Tuesday, August 26, 2008

DaveScot and religion, again

DaveScot responds with a blog post to a comment made over at UncommonlyDense that argues that religious belief is the motor behind ID.

DaveScot replies:

Guilt by association is a logical fallacy.

You can’t ask any ID proponents to give up their religious faith anymore than you can ask an atheist Darwinist to acquire some religious faith. That isn’t how science works.

However, since I’m not a religious person I can quite easily give up any notion that the designer of either the universe or of life itself is a deity. I have no data on the nature of the designer other than what I can determine through the nature of the design.


As far as criticizing ID based on the religious beliefs of a number of its proponents (nearly all of them, actually), DaveScot is correct, it is a logical fallacy. This doesn't mean that ID isn't some sort of religious belief (it is, as I argue below), but it means we shouldn't determine that based on the beliefs of its supporters.

For the same reason, modern evolutionary theory shouldn't be criticized for being supported by a number of atheists (of course, not all supporters are: Ken Miller, Brown University professor and author of one of the most popular biology high school textbooks, is a Catholic -- as is Michael Behe, supporter of ID, to name but one example).

But DaveScot says "I’m not a religious person," a claim that rings hollow given his recent post that correlates ID as proof of God's existence and his claim that ID has a creator.


Here he supports that there was a designer and that designer, while he does not (he compulsively cannot) say it, is a stand in for God. It is an argument from ignorance as well (logical fallacy):

The counter-claim that chance & necessity is capable of the necessary tasks has not been demonstrated. It has not been shown that small mutations can ever accumulate into significant novel functional architectures that we observe in living things today. It has not been shown feasible by computer simulations of population genetics, in a laboratory, or in field observation.


Yes because something "has not been demonstrated" doesn't mean it didn't happen (he applies this rule to ID as well). Science does not work by giving up and suggesting that something supernatural (by definition, the designer is supernatural since there are no "natural" (naturalist is perhaps more appropriate) proofs of its existence) accounted for

directing or steering the course of organic evolution.


In accepting the concept of ID and the concomitant designer behind it, DaveScot is showing that he may not be religious (i.e., he doesn't go to church, pray, read the Bible, what have you), but he certainly believes in something.

In a previous post (commented here on this blog), he states,

So what exactly do they “see” that convinces them that God’s hand is all over the place?

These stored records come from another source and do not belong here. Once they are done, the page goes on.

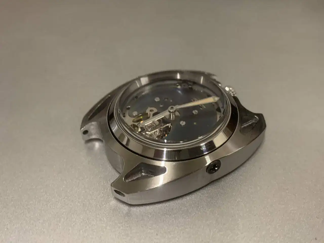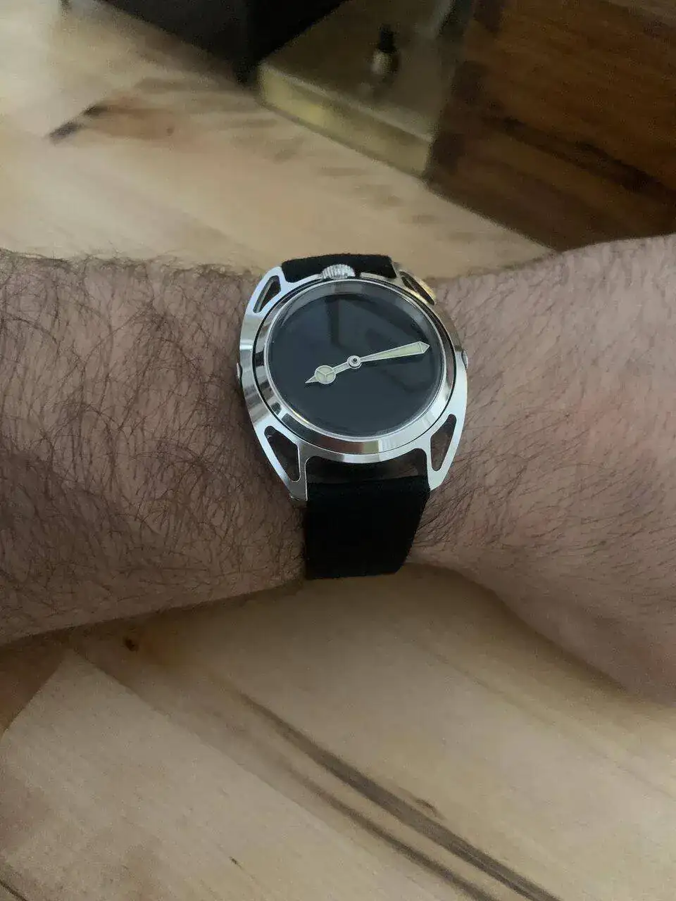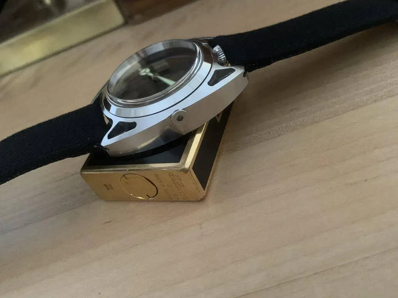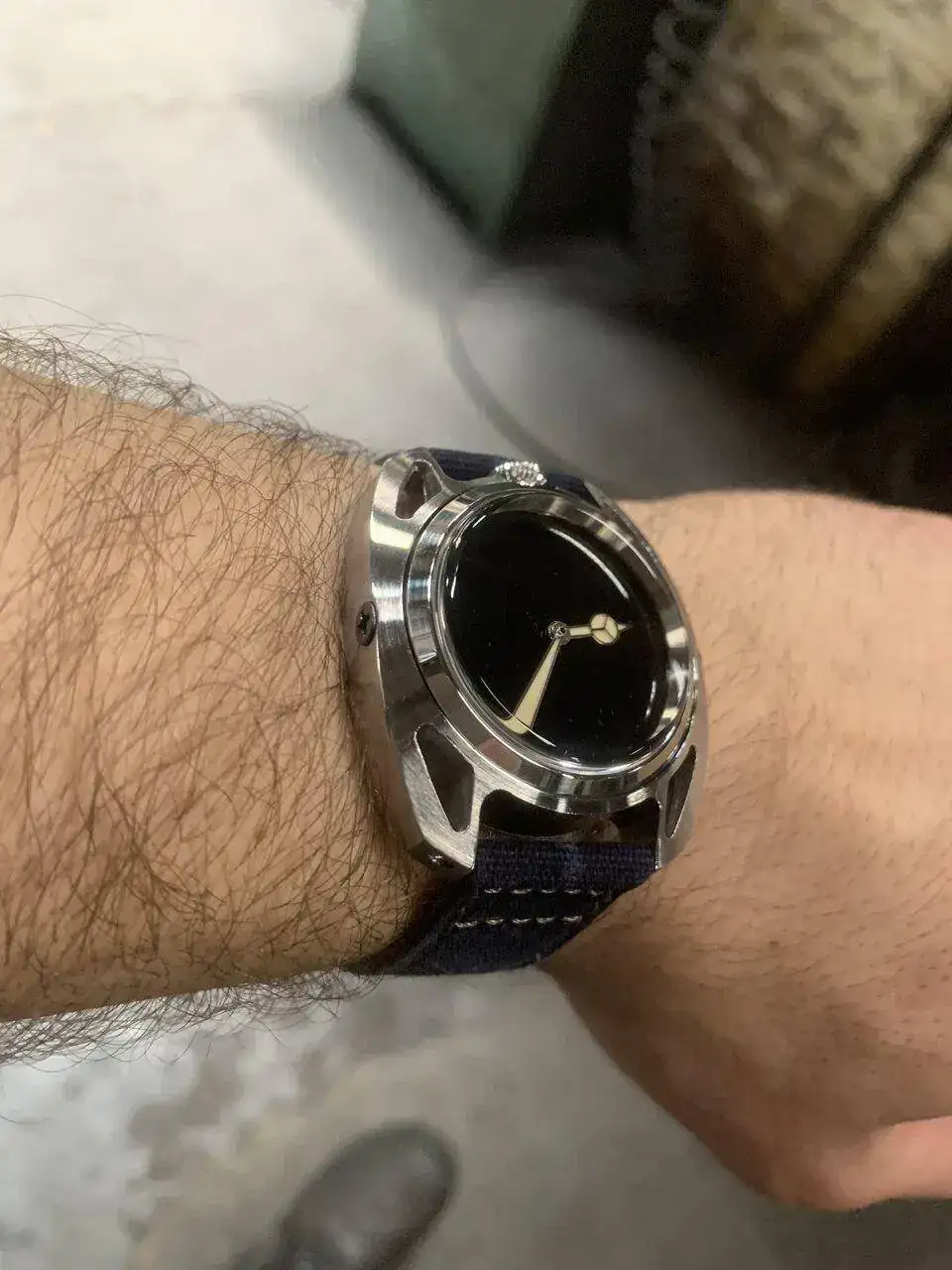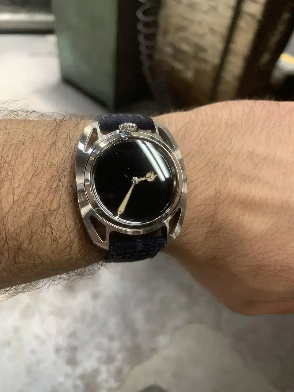 hoy os presento una caja mejor armonizada (en cuanto a radios y acabados) que la última que presenté. También para el mismo módulo NH-38 y con ambas partes en acero inoxidable. Hice un dial y lo pinté en negro semi mate. La correa cordura negra gentileza de Manel Alabart. Saludos y espero que sea de vuestro agrado.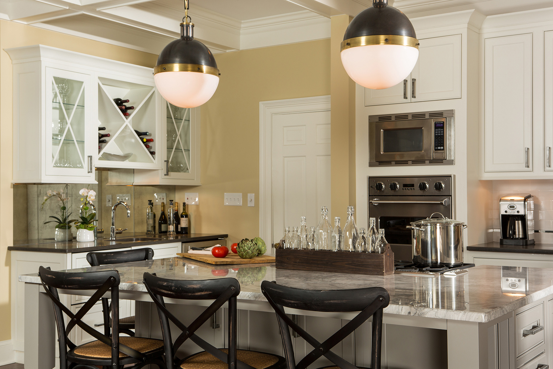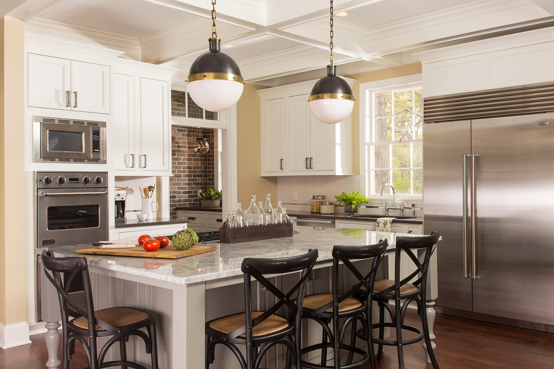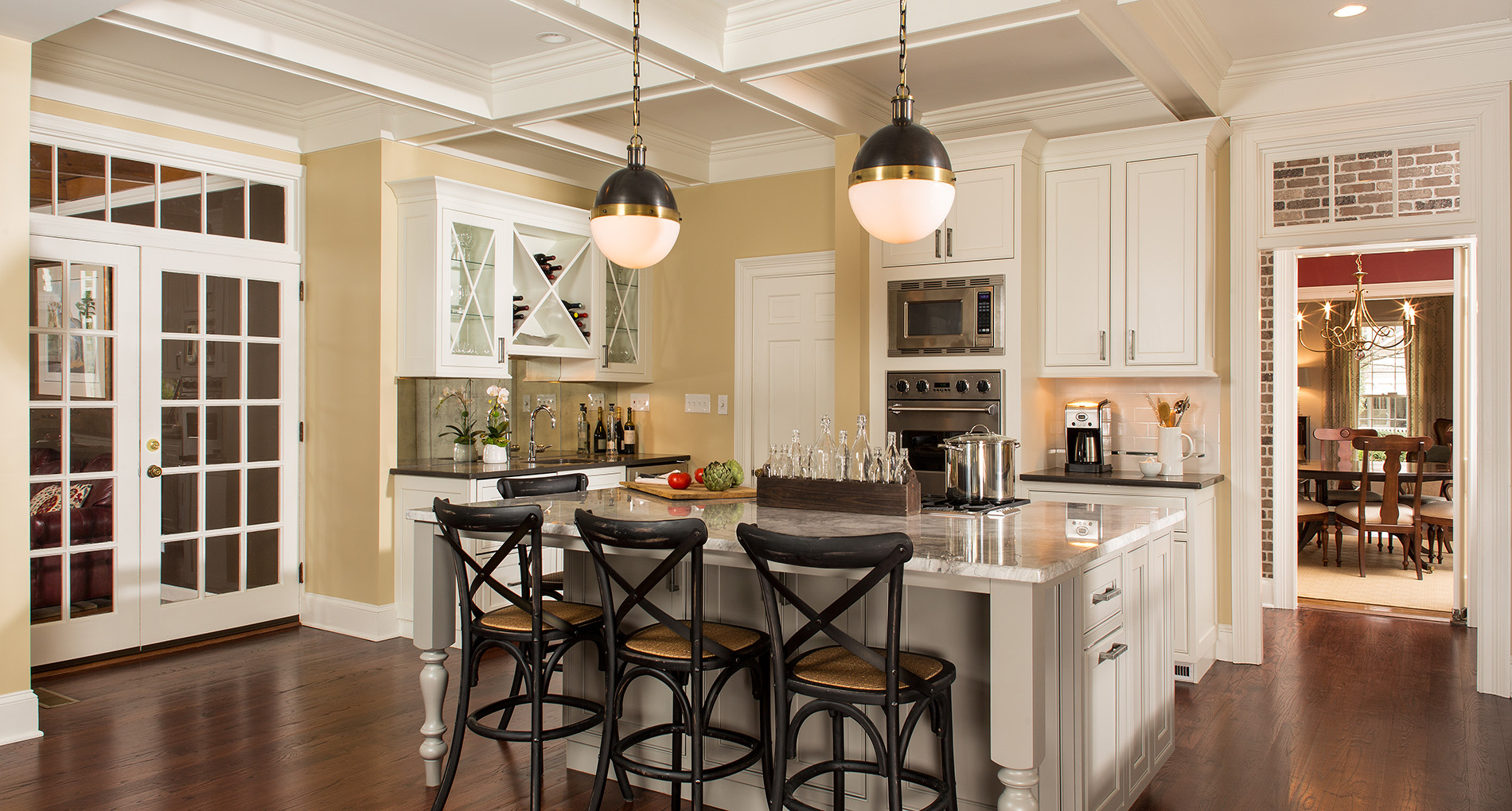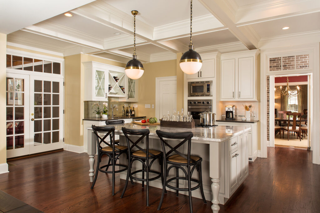 Balancing old and new, this renovation incorporates formal elements with a relaxed vibe. Timeless colors and details create a traditional feel. The lighting nods to the 1920s, while the cabinet hardware mixes antique and industrial styles. The kitchen features clever storage solutions, such as a cocktail bar, custom built-ins and a butler’s pantry with rustic brick veneer. Additional improvements include new hardwood floors and adding coffers to enhance the structural ceiling beams. The renovation created a tighter envelope with relocated ducts, added insulation, and air sealing. This beautifully transformed 500 sq. ft. kitchen not only meets this growing family’s everyday needs, but accommodates their love for entertaining.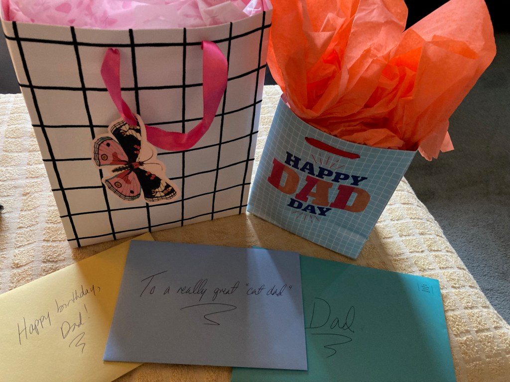 The other cards, one was a licensed Indiana Jones birthday card, and the other had one of those wearable buttons poking through the front. From the cover of the card, it LOOKED like it was saying he was a number one dad, and suggested the button was something he could wear on his special day, to let everyone know what a great job he’d done as a dad. But when you open it, and see the WHOLE button, it actually says “My Daughter is #1.” LOL. He laughed a lot at that.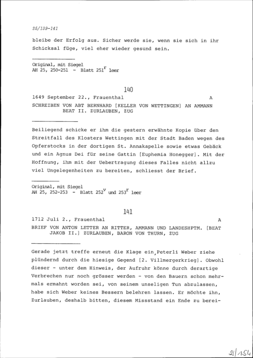 Schreiben von Bernhard Keller, Abt von Wettingen, an Beat II. Zurlauben, Ammann, Zug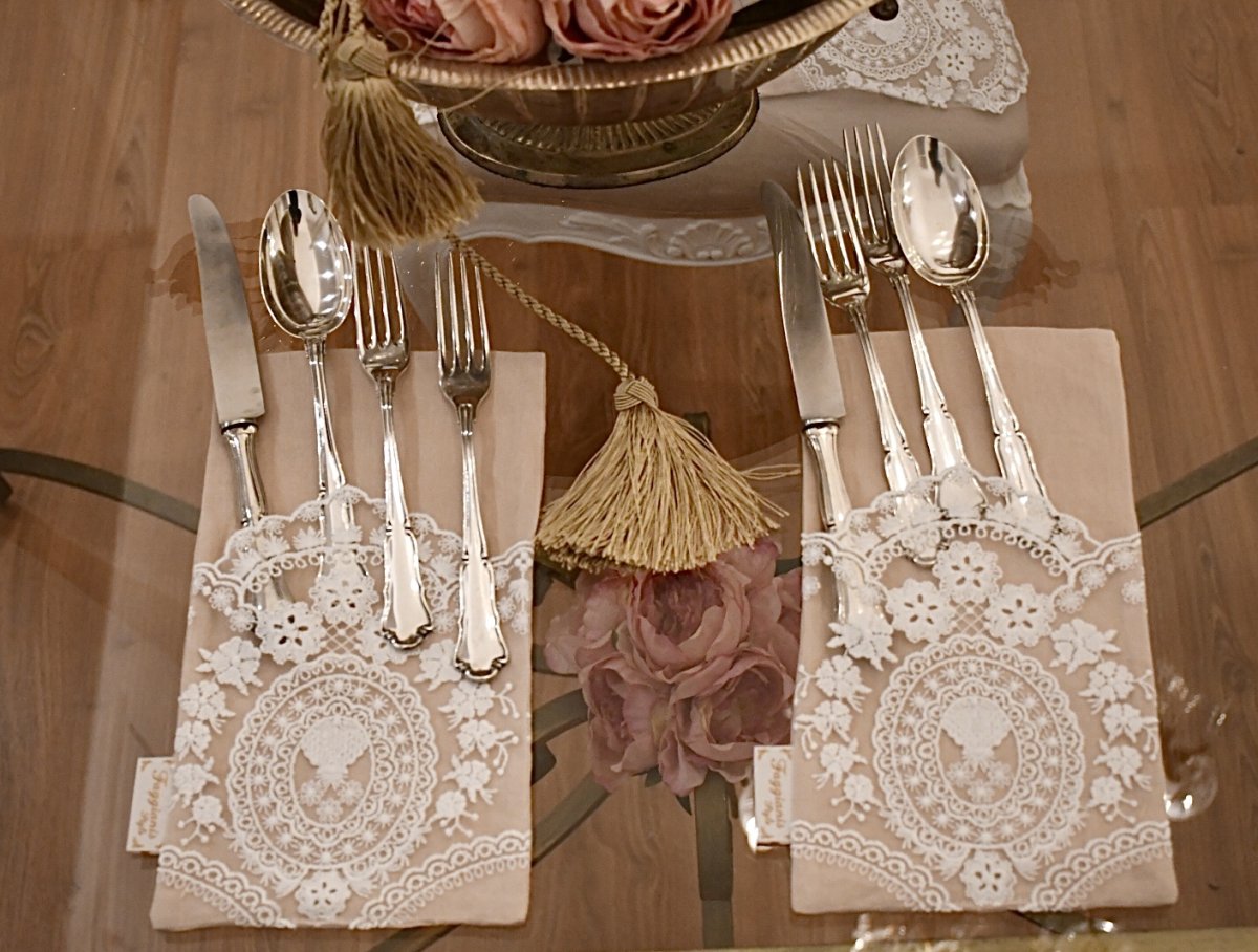 Set di 2 portaposate in puro Lino rosa e pizzo prezioso bianco .
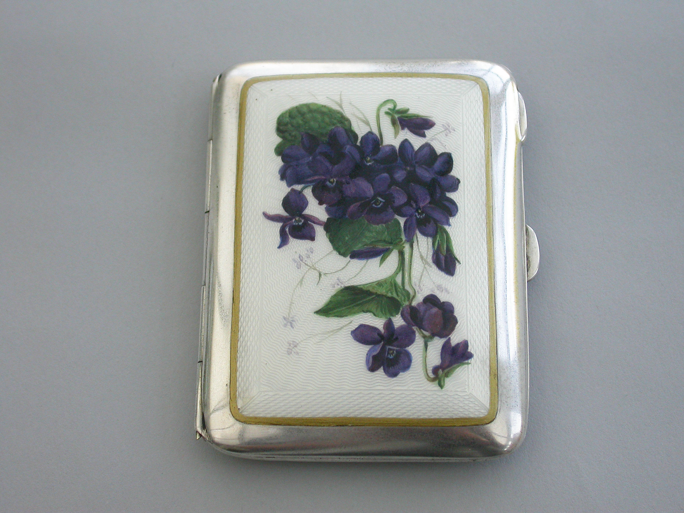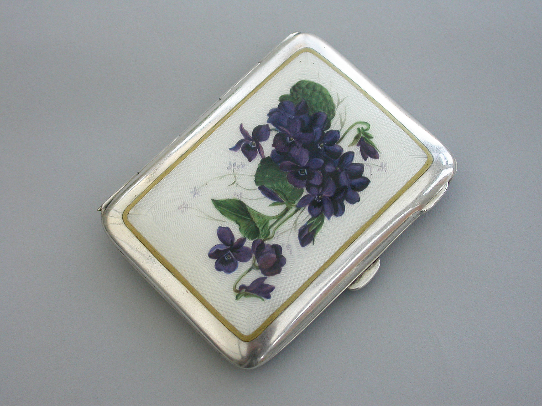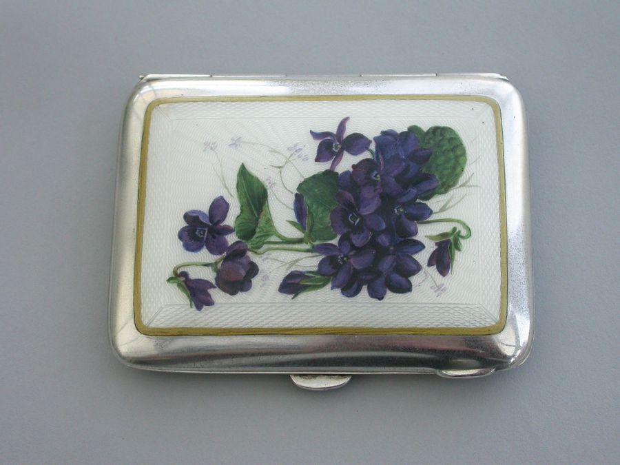 Early 20th Century Silver & Guilloche Enamel 'Violets' Cigarette Case

Obviously it isn’t rational evidence that can weighed, measured, or otherwise rationally evaulated because that would be science and furthermore it would be the science behind intelligent design.


Here he unequivocally connects "God's hand" with "the science behind intelligent design." If "the science behind intelligent design" shows its supporters "that God's hand is all over the place" -- then why doesn't he believe in God? He may say he doesn't believe in God and he may not even be lying (he may be confused; in order to lie one has to have awareness of an objective reality), but he is certainly confused, unless he doesn't really "believe" the science behind ID. If that's the case, he's just feeding off the money of Christians, just like the televangelists, et al.